But surely the lesson of Sinai was particularly that the people needed a mediator as sinners - breakers of the Covenant of Works - rather than that they needed God to be mediated to them as creatures?

Adam and Eve, before the Fall, never had such a lesson from God that they needed His revelation of Himself to be mediated to them _qua_ sinless human beings. 

Also Adam himself -in some senses - mediated God to the creation and the creation to God, as prophet, priest and king, anticipating Moses role, and being fulfilled in Christ, the Last Adam.

I'm not disputing or arguing with anything you're saying, Bruce, but rather exploring this subject and learning from what you're saying.


----------



## Contra_Mundum (Apr 15, 2013)

Richard,
First, please don't worry that I dislike people opposing some opinion I hold. Or contradicting me. I have issues only with people who ignorantly assume that anything they don't agree with must be a stupid view.

2) I agree that a lesson taught at Sinai is that people are sinners, and cannot make a successful covenant (of works) with God. But these are lessons that _come out of_ the event. They belong to the event, God certainly intends such lessons; but I think Israel starts out this meeting being taught the most basic of relations: creature to Creator. One of the great insights of the Reformation (you may find it in Calvin), is that the Exodus and Sinai are the "birth" of this nation. Israel is a child. "Out of Egypt I called my son." The distance between the Progenitor (God) and his infant must be both manifested and overcome.

And yes, the child must be taught about his rebellious nature. But, he comes (say I) to know this about himself not because God in the first place is, by the very manner of revelation, trying to make the child feel *worthless* and *guilty*. If we think about human parental relations with their children, I'd think that such an "introduction" would be a particularly bad form of parenting. On the other hand, if God actually IS in his nature just this very smoking, holy and dread-inducing Being, then it is salutary for the creature to begin with such an understanding.
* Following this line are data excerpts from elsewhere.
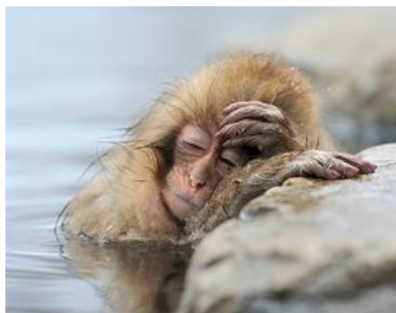
Lendemain de fête au zoo...
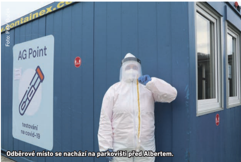
Odběrové místo se nachází na parkovišti před Albertem.
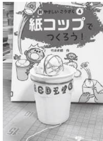
第 93 回 玉とばしをつくる 『紙コップでつくろう!』竹井史郎著 小峰書店
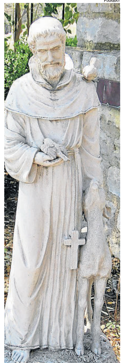
Estátua de São Francisco de Assis
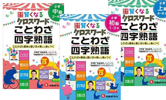
【増進堂・受験研究社】
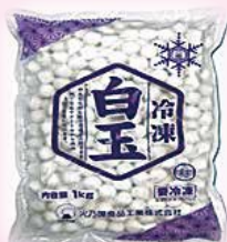
冷凍白玉小雪(s) 1kg 624円(税込)
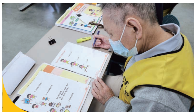
學員了解資料後，將抽象的意念透過畫作表達出來。

翠業坊與外間機構合作推出圖文簡易書籍，讓學員主導作品創作，根據學員的理解繪畫出聯合國《殘疾人權利公約》內容，通過此方式，讓智力障礙人士也能理解較為抽象深奧的概念。

Man is _relatively_ insignificant, but he has _worth_ because God is entering into covenant with him.

3) I think Adam and Eve _*DID*_ have a lesson from God about necessary mediation, besides the fact that this knowledge was innate in them as unfallen. The lesson is plain in the sacramental Trees. Why does man need symbols, if he could just approach God in his essence and get the information first-hand? I'd even say that _*the spoken word of God*_ is a form of mediation. Our souls or minds don't enter directly into the mind of God to know him or know what he knows. His word is intimate, no question and thank God for it. But it is still accommodated revelation. We cannot know God in his pure divine essence.
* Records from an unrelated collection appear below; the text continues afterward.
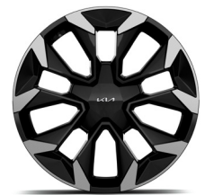
20" könnyűfém keréktárcsa (UV)
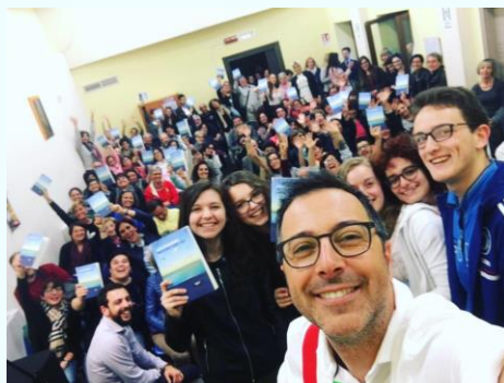
La redazione del 15biblionews
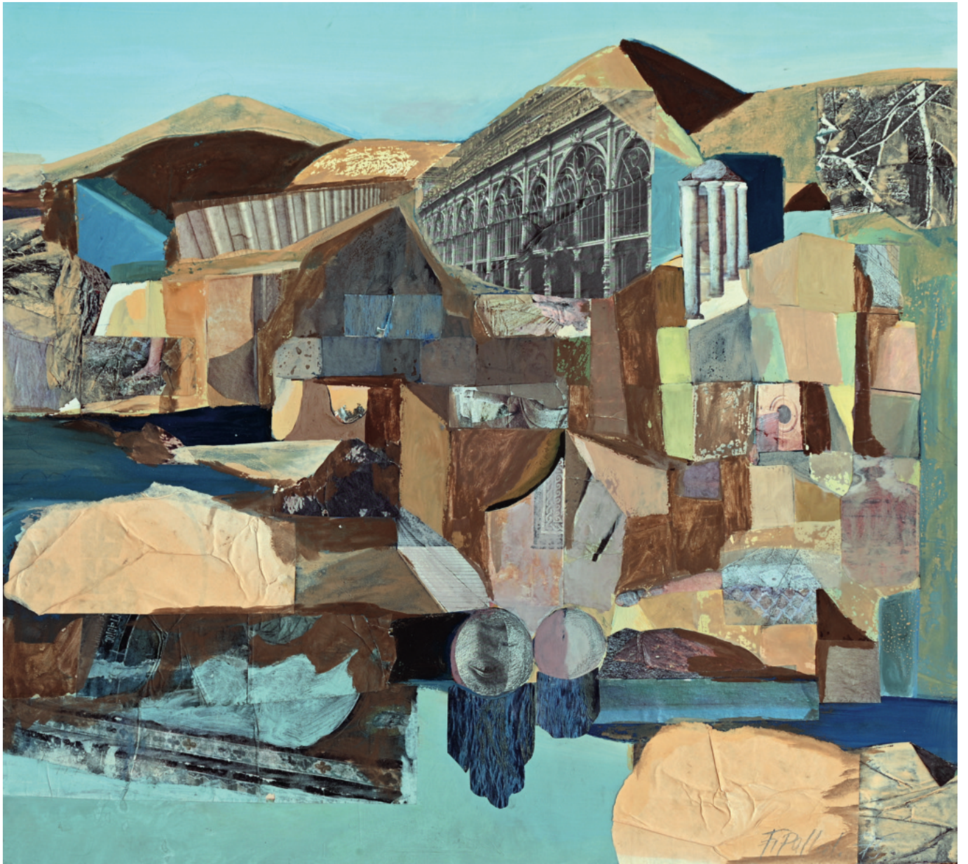
Collage mit Übermalung - 1975, Papier, 67 x 61

4) Yes, Adam was a mediator to the rest of creation. Man's relationship to God in covenant is unique. But God is still mediating himself to Adam from the start. Moses is a mediator to the rest of Israel. (He is also a "mother" in some sense, to God as Father.) Moses is the greatest Old Covenant mediator, and certainly a type of Christ. Christ is Mediator _par exallance_. He is utterly unique, in that he brings God as close to man as conceivably possible under any notion that yet maintains the absolute distinction between Creator and creature.
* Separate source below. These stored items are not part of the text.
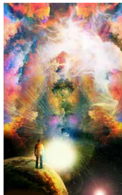
"התעוררות" 50x90 ס"מ. 800 שקל
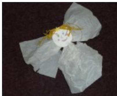
ukázky práce školní družiny
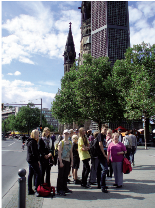
Sodan muistomerkki Kaiser Wilhelm Gedächtniskirche
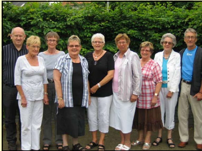
Billede af det nye brugerråd Fra venstre:

Så hermed en stor tak til personale og frivillige for et kæmpe arbejde,
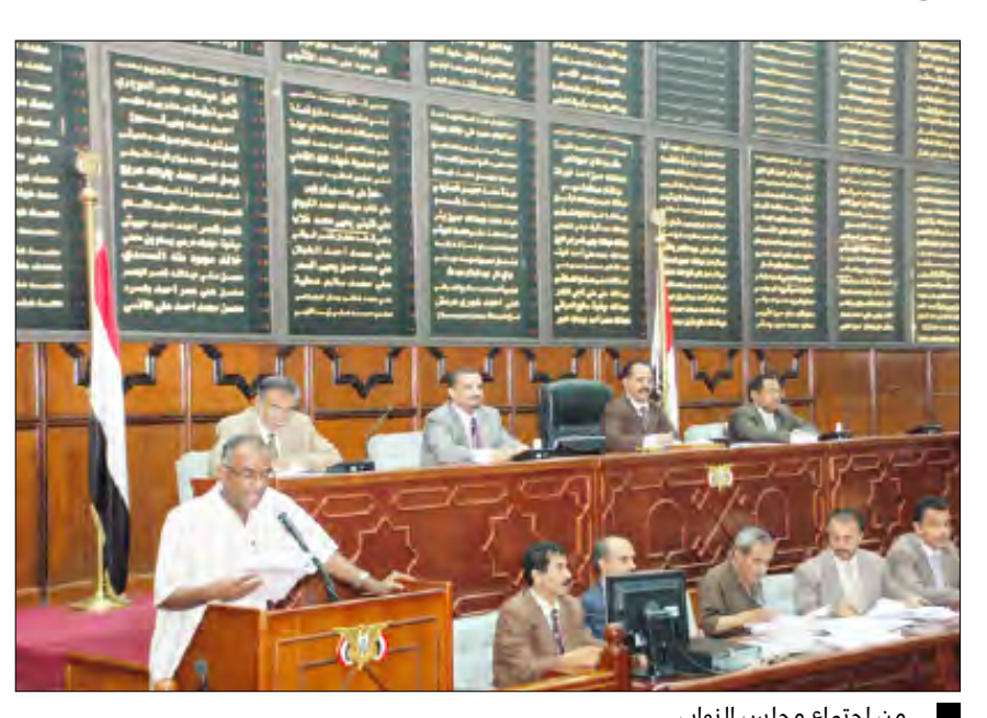
من اجتماع مجلس النواب

In the end, I'm saying that the exposure of man's sinfulness at Sinai is an _effect_ of the covenant and the manner of the revelation, rather than being properly a *cause* or special purpose in the fireworks. The overwhelming nature of God apparent at Sinai is just who he is. He would be the same God if he came down in like manner for nothing else but to pass out favors and speak no laws or commandments. There would be nothing untoward or unreasonable about dispensing pure grace in that way. But it clearly sets up that afterward, "grace and truth" came by Jesus Christ. The latter clearly stands in marvelous contraposition because of that first terrifying Advent.

It is not _because_ men are sinners that it is a terrifying encounter. It is a terrifying encounter, and for that reason sinners come to know who God is, and their own condition.


----------



## Peairtach (Apr 15, 2013)

Thanks for taking the time on that, Bruce.


----------



## littlepeople (Apr 15, 2013)

Contra_Mundum said:


> It is not because men are sinners that it is a terrifying encounter. It is a terrifying encounter, and for that reason sinners come to know who God is, and their own condition.



That was amazingly helpful


----------



## MW (Apr 15, 2013)

Hebrews presents but one application of the theophany, namely, as it applies to those who had entered into the glories of the better administration but were now shrinking back. There are other applications. Psalm 68, for example, speaks of it in a positive light and relates the blessings which came to the congregation because of the glorious presence of God.


----------